Associated Gas from the Permian and Maverick Basins as Viable, Affordable LNG Feedstock Is Highly Improbable.



Enverus; click to enlarge
Enverus; click to enlarge

Here's what Enverus Intelligence projects the American LNG industry will need in the way of natural gas over the coming years in different hubs in different locations along the Gulf Coast.


The Texas and Louisiana LNG industry is in the process of spending approximately $80 B to make these exports happen.


I'm speculating that most gas directed toward Louisiana will be from the Haynesville and ALL gas toward Texas will be associated gas from the Permian Basin tight oil play and the Eagle Ford dry gas leg including the big Chalk gas play in Webb County.


If you ask the computer about all this LNG stuff here are the answers you get:


From the Permian Basin and S.W. leg of the Eagle Ford play in the Maverick Basin, the LNG feedstock will require something like 8.5 BCFGPD of growth by 2031-2032. Associated gas and dry gas from the Delaware and Midland Basins in the Permian and dry gas from Maverick County has been growing annually at the rate of about 1.3 BCFGPD. That growth occurs AFTER approximately 9.5 BCFGPD is replaced each year from all three basins in the way of annualized decline. Essentially that means each and every year to meet Texas LNG feedstock demand Texas will have to find and put online over 10 BCF of new gas. Every year.


It cannot be achieved, nor can it be sustained.


I've shown you why in the Eagle Ford in the past and in the Permian here, very recently:


https://www.oilystuff.com/group/gassy-stuff/discussion/cec8799f-15fe-4d52-a32a-fce0613b676b


Future drilling locations geared for associated gas from tight oil wells in the Permian Basin is limited by the productive limits of each sub-basin, by the sheer number of existing wells that already exist in the cores of each sub-basin, and pressure depletion already underway.


Dry gas in high GOR areas of each sub-basin in the Permian is even more limited by Basin boundaries and very few gas prone benches in those high GOR areas.


To date the Permian HZ play has produced, sold and/or burned off approximately 43 TCF of gas in 15 years. That gas is gone. What pundits expect from the Permian, for LNG and AI data centers, will require another 70 TCF.


Both sources of natural gas, from each of the sub-basins in the Permian and in S.W. Texas is further limited by well economics.
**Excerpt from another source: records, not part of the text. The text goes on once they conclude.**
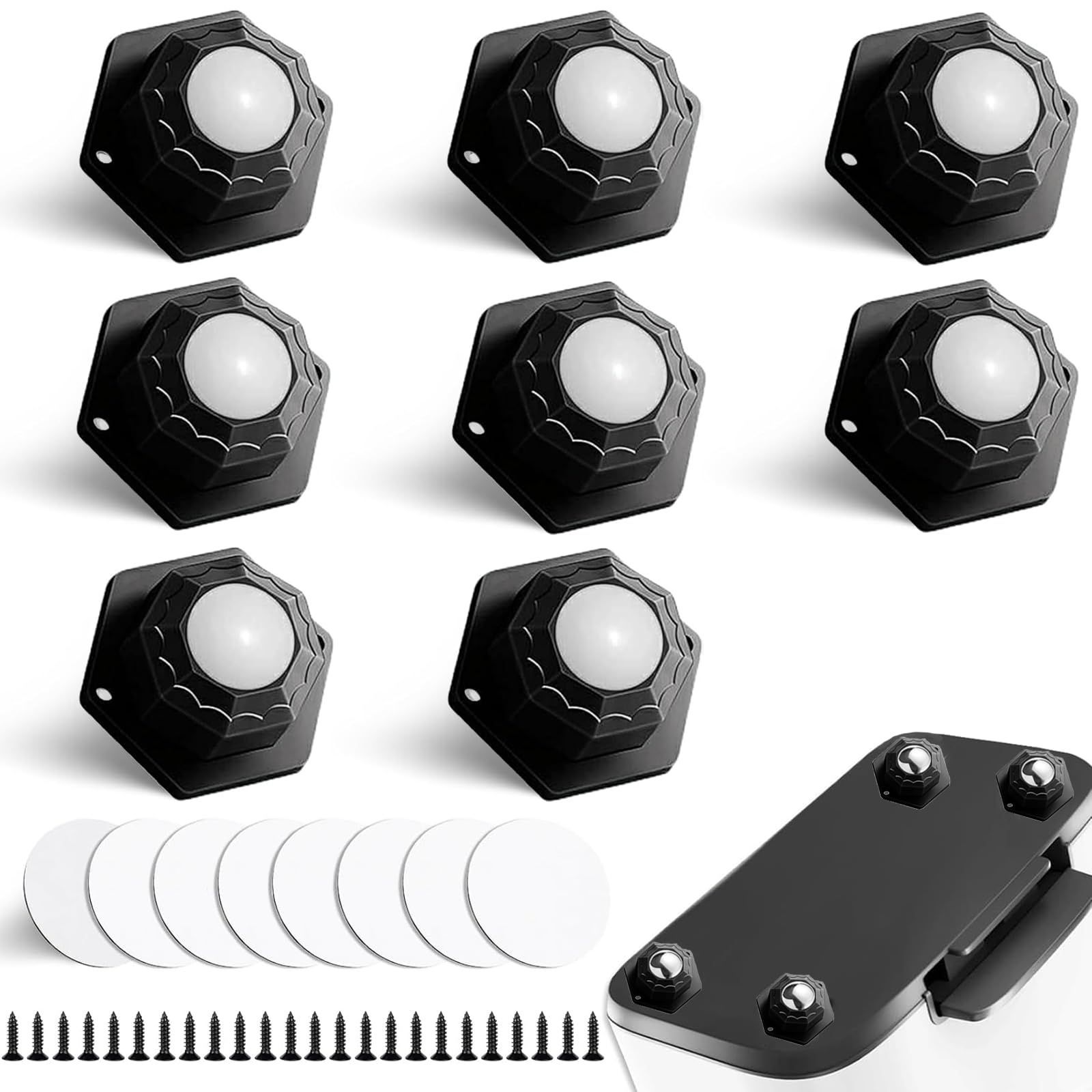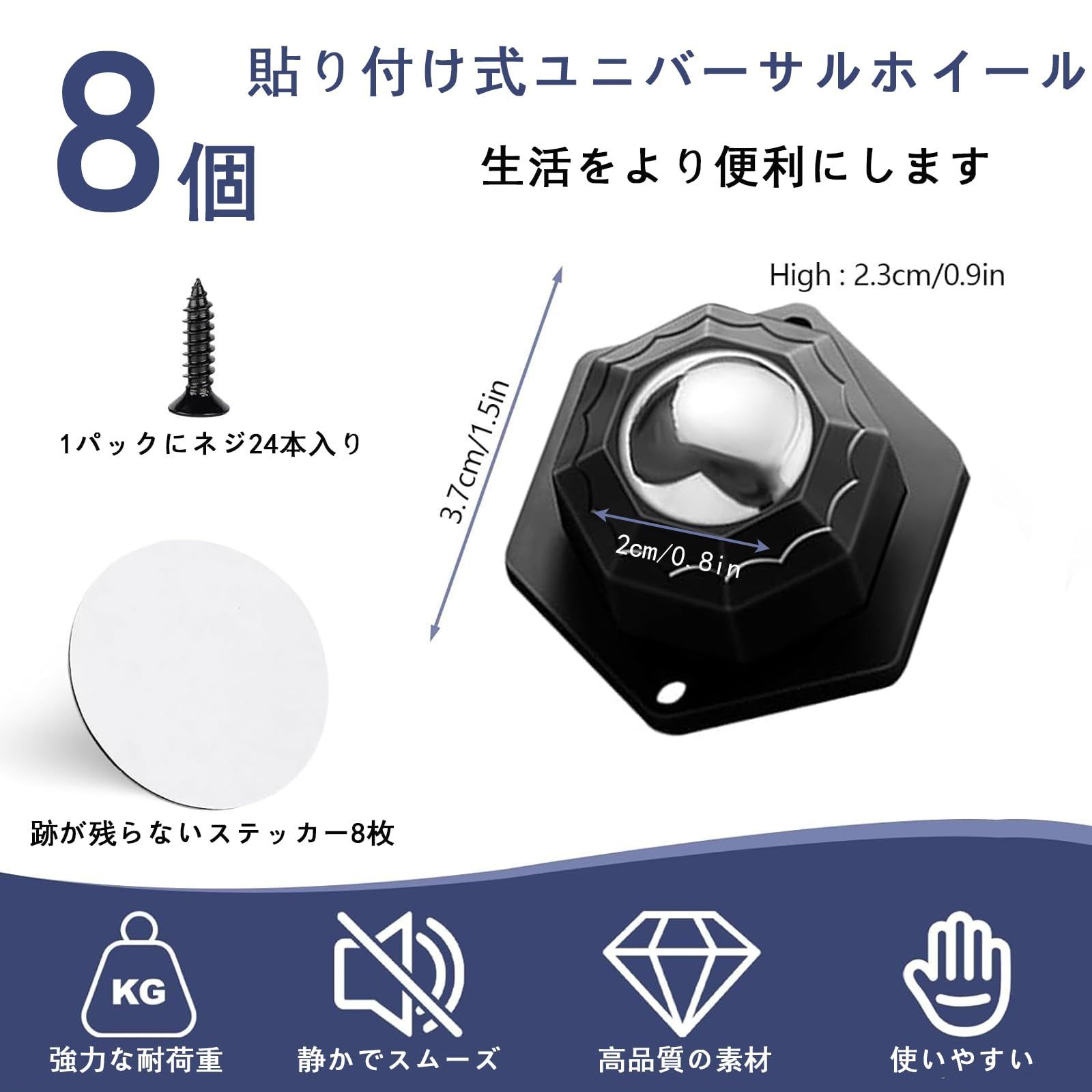 粘着テープ式 ナイロン車輪ボール ボールキャスター スムーズに360度回転 家具用キャスター ミュート 荷重力が強い 耐荷重約200kg 家具移動 ミニキャスター8個セット(ブラック)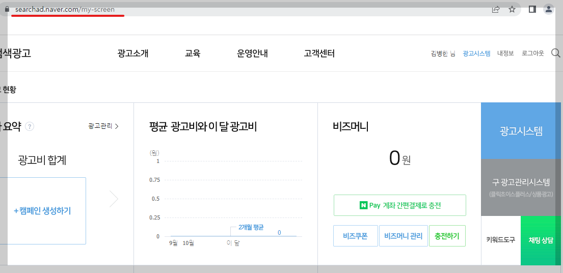 네이버광고는 searchad.naver.com 으로 파워링크를 걸 광고주들을 위한 사이트입니다. 로그인은 네이버계정으로 로그인합니다. 물론 가입이 된 상태에서.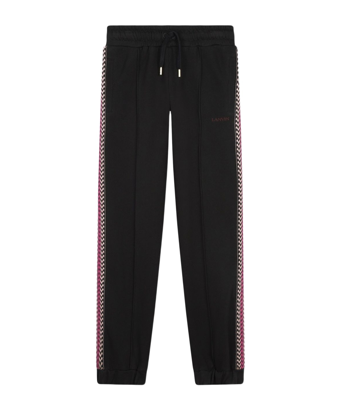 elasticated waist with drawstringelasticized bottomtwo side pocketsmulticolored "curb" pattern side bandscontrasting "lanvin" embroidered lettering on the frontsporty designregular fitcolor: black100% cottonmade in bulgaria

Associated gas from tight oil wells is a by-product of liquids production and no 0il and condensate wells costing $10MM each make money below $70 WTI NYMEX. Theses tight oil wells in the Permian historically have only 2.4 BCF of associated gas EUR.


So called "dry," high GOR gas from the western Delaware and the extreme S.E Midland Basins historically have only 5.3 BCF of associated gas EUR. I've shown you the realized production data on that as well as AI projected EURs. I urge you do the economics on wells like that using 60% of Houston Ship Channel NGI, or worse, WaHa NGI; those wells are NOT profitable to drill.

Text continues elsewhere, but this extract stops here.